##### Collected material #####

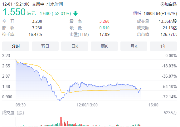 截至发稿,海昌海洋公园的股价跌52.01%,报1.55港元/股,最新市值125.77亿港元。
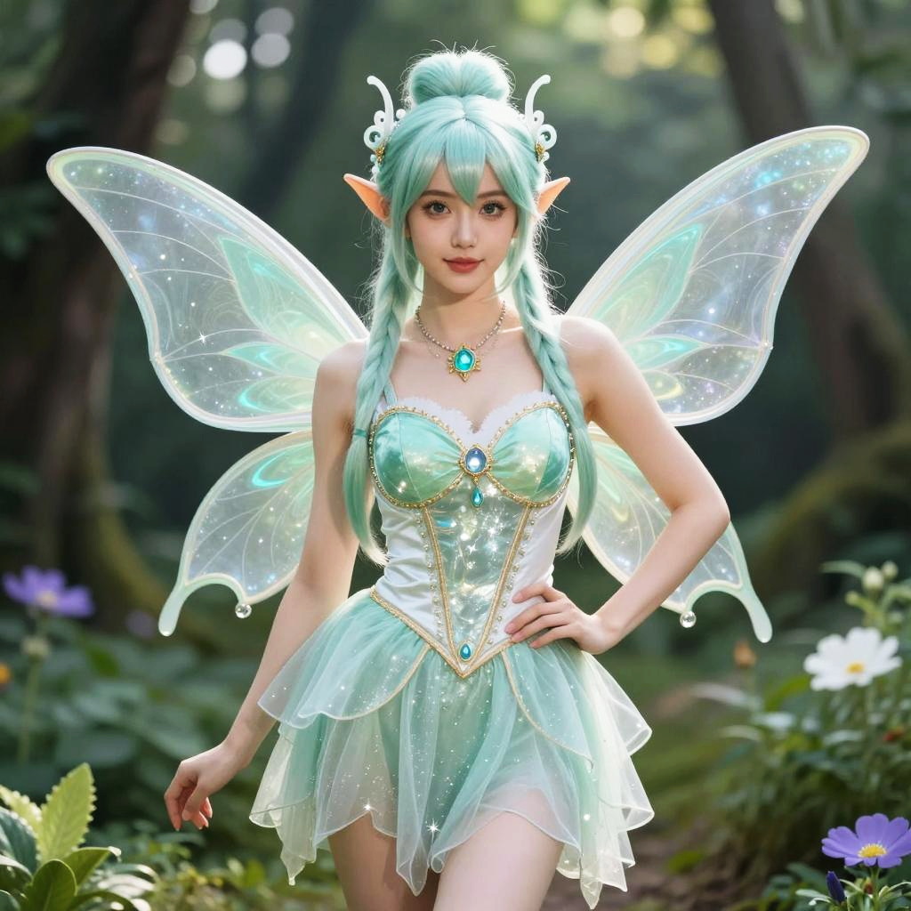 Portrait of a woman dressed in a sparkling mint green fairy costume, featuring iridescent wings, pointed elf ears, and an embellished corset with gemstone details. She has long mint green hair styled in braids and a high bun, standing in a lush forest setting with soft, natural lighting and vibrant flowers in the background.
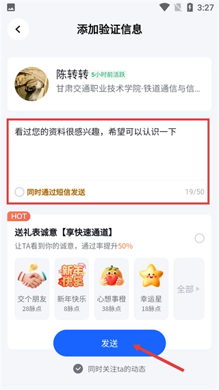 进入【添加验证信息】页面后,先确认系统默认的留言内容,接着可以根据需要选择相关选项,最后点击【发送】按钮来提交好友申请。

#####

§ **Task directions**
Please retype the data exactly as it appears, but without any of its pictures.

§ **Answer box**
 截至发稿,海昌海洋公园的股价跌52.01%,报1.55港元/股,最新市值125.77亿港元。
 Portrait of a woman dressed in a sparkling mint green fairy costume, featuring iridescent wings, pointed elf ears, and an embellished corset with gemstone details. She has long mint green hair styled in braids and a high bun, standing in a lush forest setting with soft, natural lighting and vibrant flowers in the background.
 进入【添加验证信息】页面后,先确认系统默认的留言内容,接着可以根据需要选择相关选项,最后点击【发送】按钮来提交好友申请。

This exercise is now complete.